------ DATA SUPPLIED

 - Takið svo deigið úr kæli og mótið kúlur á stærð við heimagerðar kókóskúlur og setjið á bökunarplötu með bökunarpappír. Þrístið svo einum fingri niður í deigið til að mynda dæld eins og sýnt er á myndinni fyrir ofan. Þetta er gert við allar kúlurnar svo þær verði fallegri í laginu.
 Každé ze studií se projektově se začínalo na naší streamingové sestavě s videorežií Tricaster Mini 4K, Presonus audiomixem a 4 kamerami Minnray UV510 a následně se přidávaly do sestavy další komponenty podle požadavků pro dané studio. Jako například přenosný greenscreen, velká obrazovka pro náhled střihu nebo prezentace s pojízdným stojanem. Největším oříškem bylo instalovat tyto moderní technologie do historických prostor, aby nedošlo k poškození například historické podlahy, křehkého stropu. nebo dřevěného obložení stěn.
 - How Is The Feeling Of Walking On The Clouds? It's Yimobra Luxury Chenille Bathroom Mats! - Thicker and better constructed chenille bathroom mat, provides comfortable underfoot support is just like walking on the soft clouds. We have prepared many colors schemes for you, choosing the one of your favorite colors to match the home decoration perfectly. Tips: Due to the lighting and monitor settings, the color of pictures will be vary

------------
------ DATA SUPPLIED

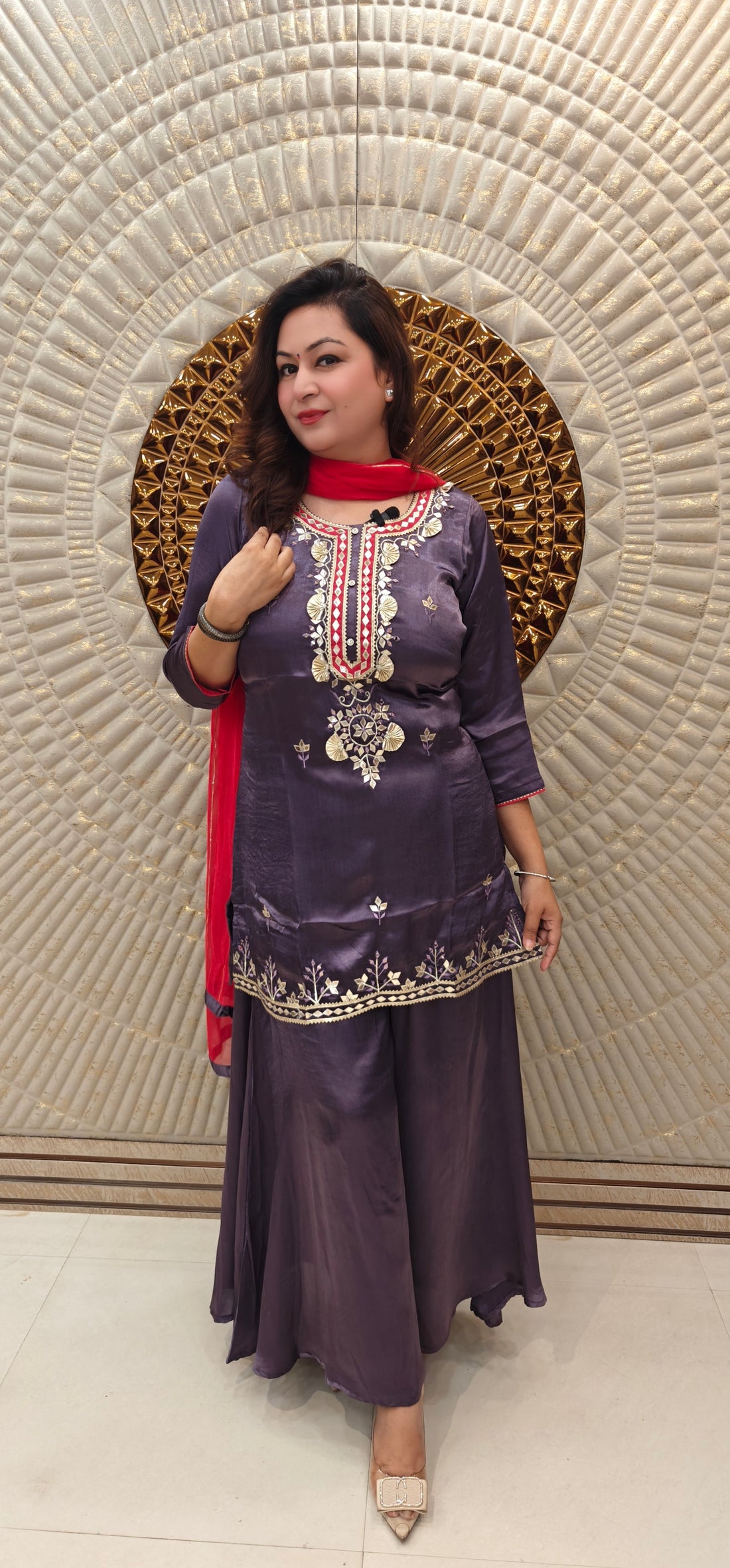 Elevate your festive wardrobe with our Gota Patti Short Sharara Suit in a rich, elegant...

------------

_ASSIGNMENT_
Look back at the entries above and repeat, unchanged, every line from the line holding "- Takið svo" through the line holding "- How Is The".

_RESULT OF THIS TASK_
 - Takið svo deigið úr kæli og mótið kúlur á stærð við heimagerðar kókóskúlur og setjið á bökunarplötu með bökunarpappír. Þrístið svo einum fingri niður í deigið til að mynda dæld eins og sýnt er á myndinni fyrir ofan. Þetta er gert við allar kúlurnar svo þær verði fallegri í laginu.
 Každé ze studií se projektově se začínalo na naší streamingové sestavě s videorežií Tricaster Mini 4K, Presonus audiomixem a 4 kamerami Minnray UV510 a následně se přidávaly do sestavy další komponenty podle požadavků pro dané studio. Jako například přenosný greenscreen, velká obrazovka pro náhled střihu nebo prezentace s pojízdným stojanem. Největším oříškem bylo instalovat tyto moderní technologie do historických prostor, aby nedošlo k poškození například historické podlahy, křehkého stropu. nebo dřevěného obložení stěn.
 - How Is The Feeling Of Walking On The Clouds? It's Yimobra Luxury Chenille Bathroom Mats! - Thicker and better constructed chenille bathroom mat, provides comfortable underfoot support is just like walking on the soft clouds. We have prepared many colors schemes for you, choosing the one of your favorite colors to match the home decoration perfectly. Tips: Due to the lighting and monitor settings, the color of pictures will be vary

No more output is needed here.